A sphere with a diameter of 10 cm is cut by a plane 3 cm above its center. what is the area of the circle formed? (Leave answer in units of (pi))

Question

Area of a circle with a diameter of cm that is cut by a plane 3 cm above its center.

Answer 1

The radius of the sphere is 10/2=5cm. The way to picture the problem is to represent the plane as a line parallel to the horizontal diameter of the sphere, represented by a circle, cutting through the circle.
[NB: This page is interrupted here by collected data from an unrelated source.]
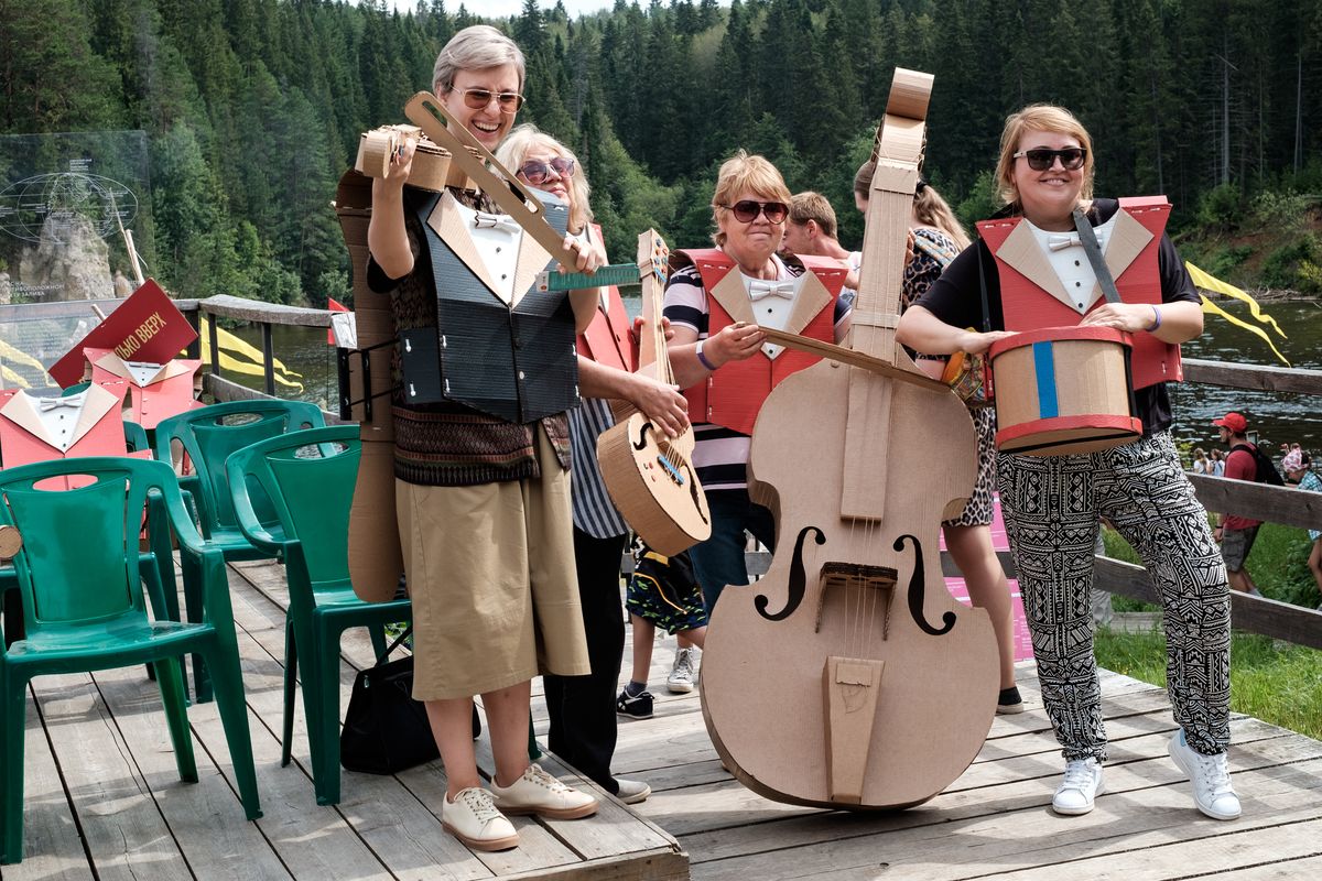Первый фестивальный день запомнился лекционной программой для промышленных дизайнеров и мейкеров. Те, кто приехал в Хохловку без образовательной цели, лежали на траве под звуки пермских бендов 3000К и OQJAV. Другие, снарядившись в картонные доспехи, принимали участие в параде уличного театра «Картония».
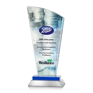 Unique curved optical award with blue optical and aluminum base.
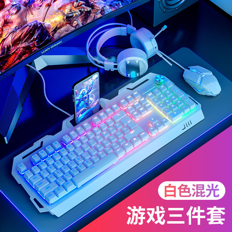 YK845-White Mixed Light [Keyboard, Mouse and Headphones Three-piece Set] with Knob
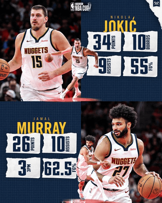 [流言板]內外雙核!掘金官方曬約基奇默里數據海報:合砍60+12+19

If you draw a perpendicular radius at right angles to this line from the centre of the circle, and another radius from where the line meets the circumference, you will have a right-angled triangle where the sloping radius, length 5, is the hypotenuse, the vertical side, length 3, and a horizontal segment of the line, length sqrt(5^-3^)=sqrt(16)=4. This line segment forms the radius of the circular cross-section cut by the plane, so the area of the cross-section is (pi)*4^2=16(pi).

Answer 2

This be sekter av serkel...triangel from senter (isosoleez trinagel) & ark abuv

triangel hite=3 & 2 side leng=radius=5

Kut it in half with vertikal line & yu get 2 identikal rite triangels...hite=3 & diagonal=5

Yu get triagel1...angel=106.26 deg

chord leng=8, so radius av  top serkel=4  (3, 4, 5 triangel)

sekter area=23.18238, triangel area=12, segment area=11.18238

Comments

The chord length of 8cm is the diameter of the circular cross-section cut by the plane, so you can find its area (pi)*16, which is what the question is asking for. So you were nearly there! But you over-complicated the answer by finding the area of a segment, and you didn't show the answer in terms of pi!